Plus-de-jouir is closely related to the objet petit a, Lacan’s name for the cause of desire. While objet a marks the gap or loss introduced by language, plus-de-jouir is the jouissance produced around that lack. It is the by-product of symbolic structuration, a trace of what has been lost but persists.

This surplus appears in the symptom as the satisfaction the subject both suffers and enjoys—a kind of unconscious, compulsive enjoyment that is not reducible to need or pleasure.[4]

Discourse of the Master and the Capitalist

In the four discourses theory, Lacan situates plus-de-jouir as the product of the Discourse of the Master—that which is extracted from the subject through symbolic subjection.[5] The subject, caught in the demand of the Other, produces knowledge, but the leftover of this operation is surplus jouissance—unarticulated and resistant to symbolization.

In the Discourse of the Capitalist, this logic becomes intensified. Capitalism enjoins the subject to “enjoy!” (jouis!), promoting excessive, meaningless satisfaction disconnected from desire. Plus-de-jouir thus becomes both a clinical phenomenon and a social product—a key to understanding the compulsive, addictive, and hyper-consumptive behaviors encouraged by contemporary ideology.

Clinical Implications

In the clinic, plus-de-jouir helps explain the subject’s attachment to their symptom. Even when it causes suffering, the symptom contains a kernel of jouissance—a surplus satisfaction that is unconscious and involuntary.

Psychoanalytic treatment does not aim to eliminate jouissance but to shift the subject’s relation to it. Through interpretation and the restructuring of the signifying chain, the analysand may recognize the enjoyment embedded in their symptom and come to assume it rather than suffer from it.

Summary

Plus-de-jouir is Lacan’s term for the surplus enjoyment generated by the structural operations of the drive, prohibition, and language. It is not the goal of desire, but the residue produced by its failure. Inspired by Marx’s surplus value, Lacan theorizes it as the excess jouissance extracted from the subject—at once painful, compulsive, and constitutive of subjectivity.

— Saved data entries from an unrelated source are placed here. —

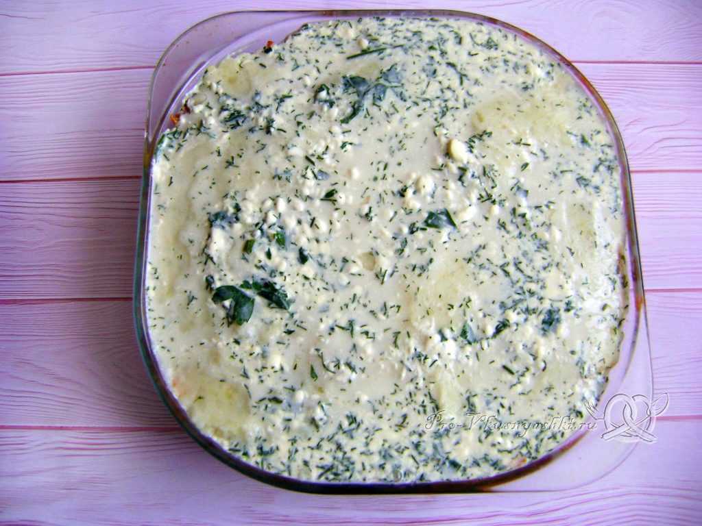 - Перекладываем картофель в форму для запеканки и заливаем его половиной соуса.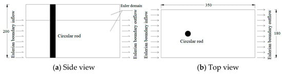 The calculation parameters of the hypothetical model [32] used in the current study are as follows. The circular rod diameter was 0.02 m and the length of the part of the rod submerged in the water body was 0.14 m. The water body was simulated using Eulerian elements, with a density of 1000 kg/m3, a viscosity of 0.001 Pa·s, and a speed of sound of 1480 m/s2. The upper surface of the water body was a free boundary, and the initial inflow velocity was set for the fluid. An Euler inflow boundary was applied on one side and an Euler outflow boundary on the other side. The inflow boundary had an initial velocity of Vx, while the outflow boundary allowed the material to flow freely (Figure 1). A smooth boundary was used at the bottom and on both sides, where Vz (the velocity in the z direction) and Vy (the velocity in the y direction) were set to zero. The contact between the cylinder and the fluid was defined as a smooth hard contact, where no mutual intrusion was allowed in the normal direction and the tangential friction was zero.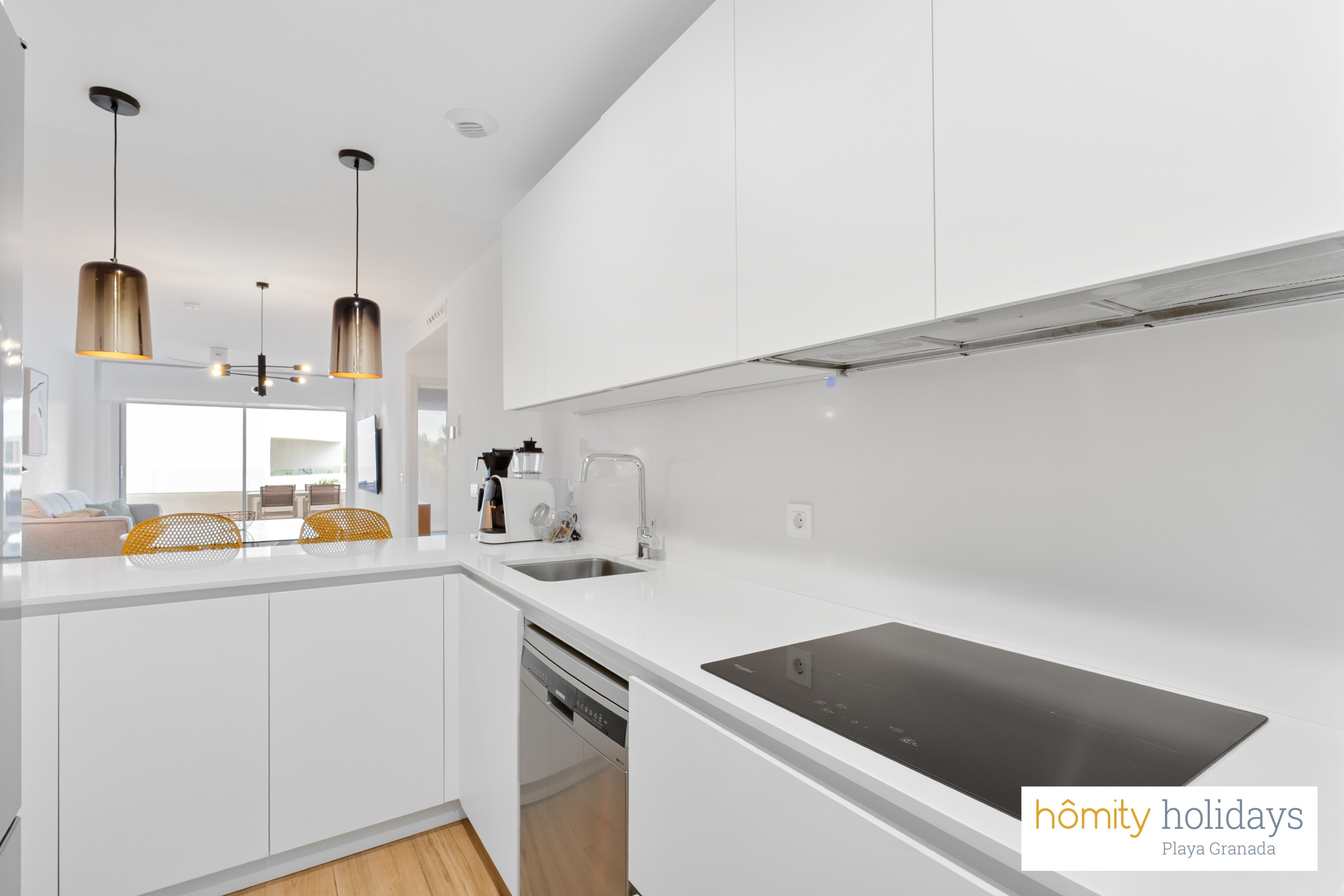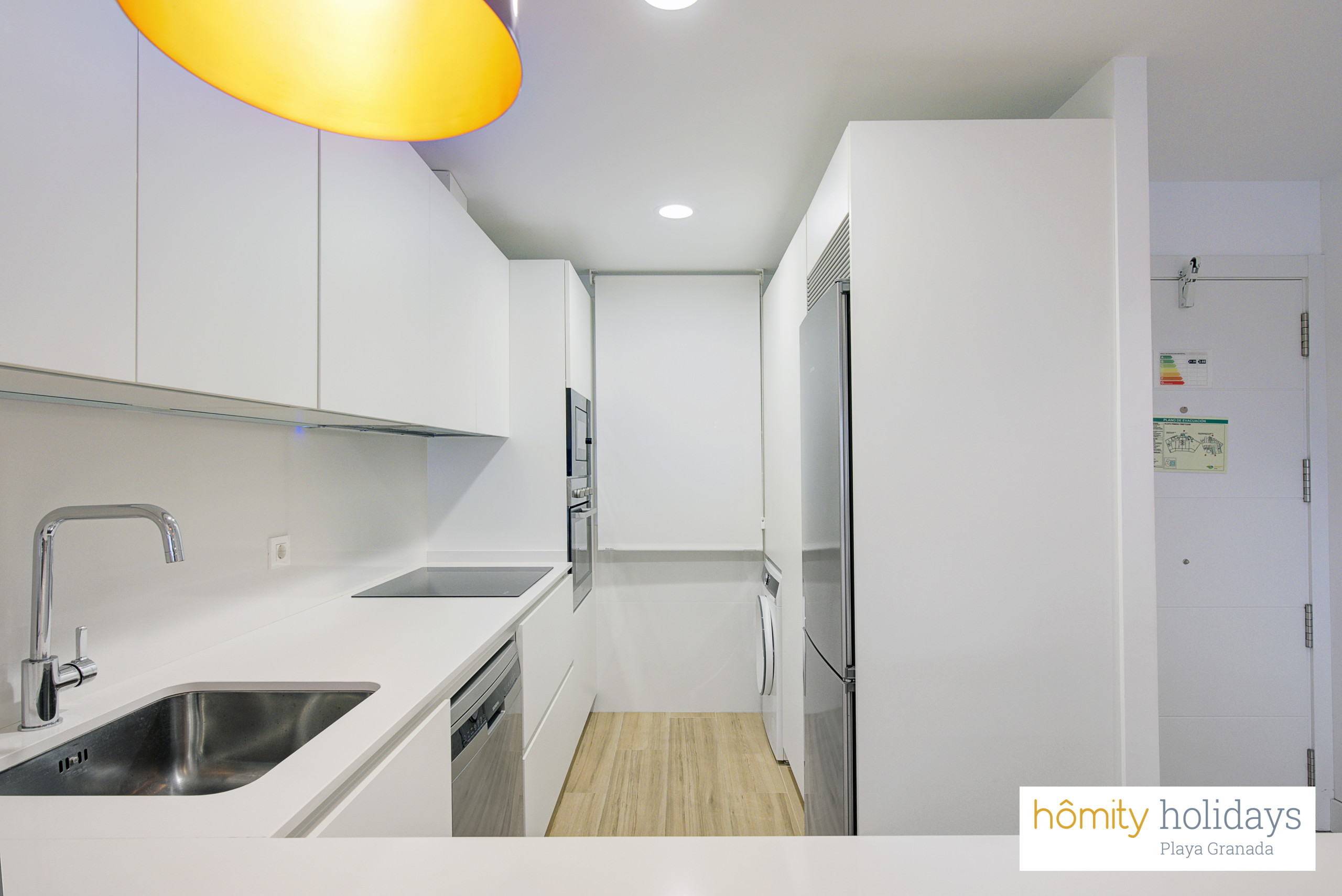 Den er fuldt udstyret med topmoderne husholdningsapparater (som køleskab, opvaskemaskine, ovn, mikroovn, kaffemaskine og brødrister, blandt andet) og alt det køkkenudstyr, der er nødvendigt til madlavning. Derudover er der tv i stuen og alle soveværelser.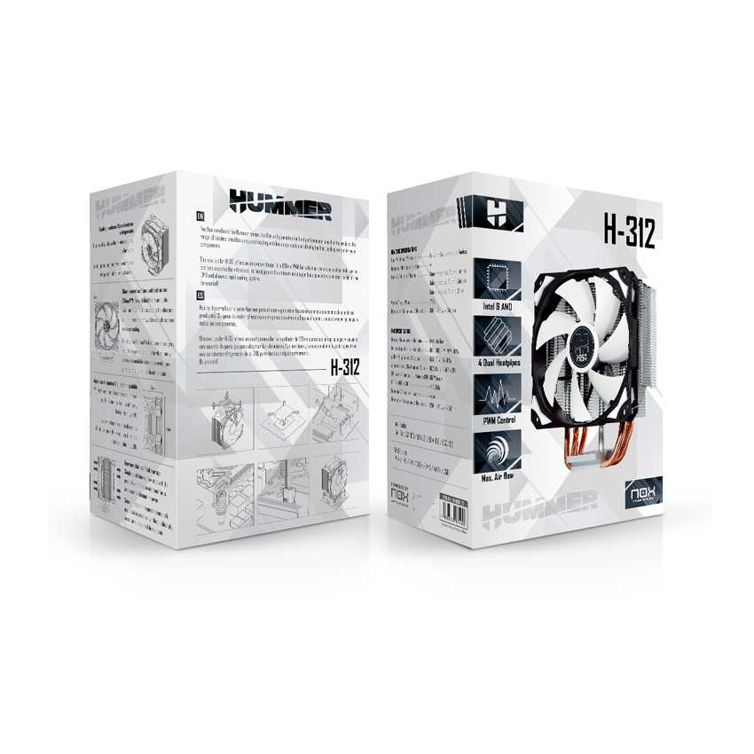 Descripción El H-312 es el último modelo de 12 cm de la gama de disipadores de CPU de la serie Hummer, una completa solución de gran calidad que combina un rendimiento excepcional, un funcionamiento silencioso y una compatibilidad excelente.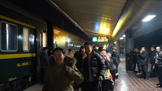 14號車廂內(nèi),來自黑龍江省齊齊哈爾市泰來縣的王興海和陳玉倩望著車窗外、站臺上的王靚怡,喜笑顏開。跨越2700多公里、歷時52個小時,只為給女兒一個驚喜,陪她在崗過年。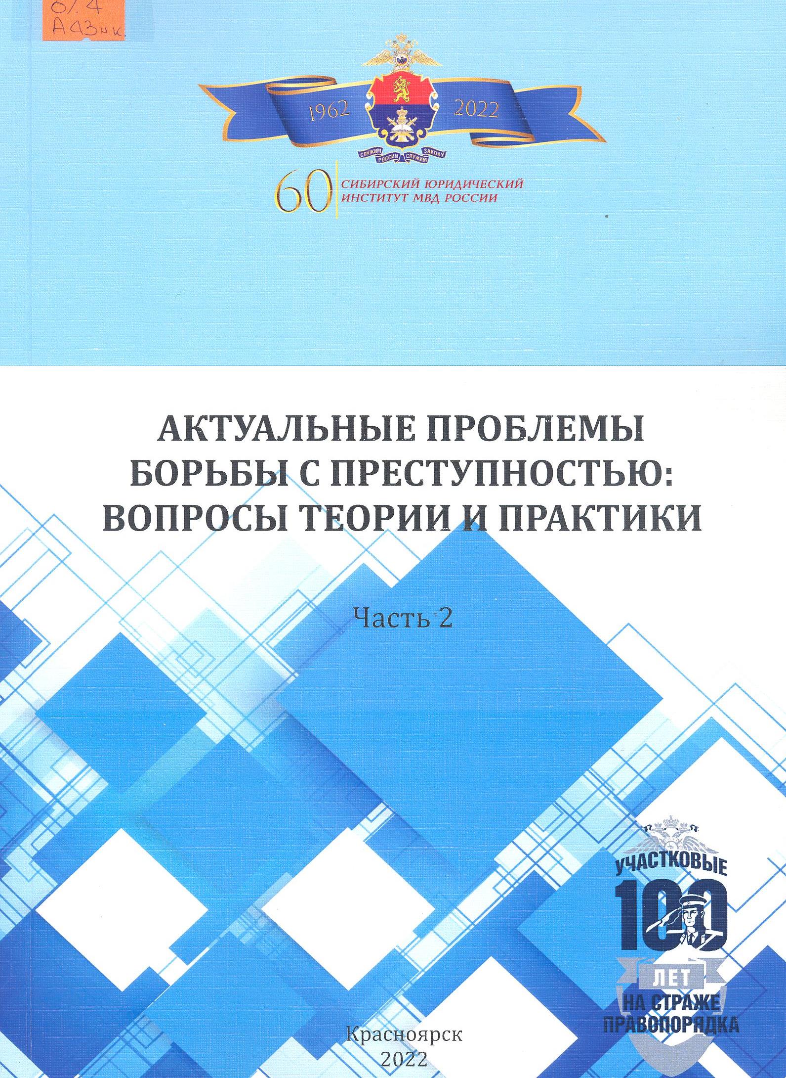 Актуальные проблемы борьбы с преступностью: вопросы теории и практики: материалы XХVI международной научно-практической конференции (20-21 апреля 2023 г.) : в 2 ч. Ч. 2

It links the domains of jouissance, drive, fantasy, and discourse, providing a powerful conceptual tool for understanding both individual symptoms and the ideological organization of collective enjoyment.

See Also

References

  1. Lacan, J. (1969–70). Seminar XVII: The Other Side of Psychoanalysis.
  2. Lacan, J. (1960). “The Subversion of the Subject and the Dialectic of Desire,” in Écrits.
  3. Lacan, J. (1969–70). Seminar XVII.
  4. Lacan, J. (1969–70). “Du discours psychanalytique,” in Écrits, Autres.
  5. Lacan, J. (1969–70). Seminar XVII.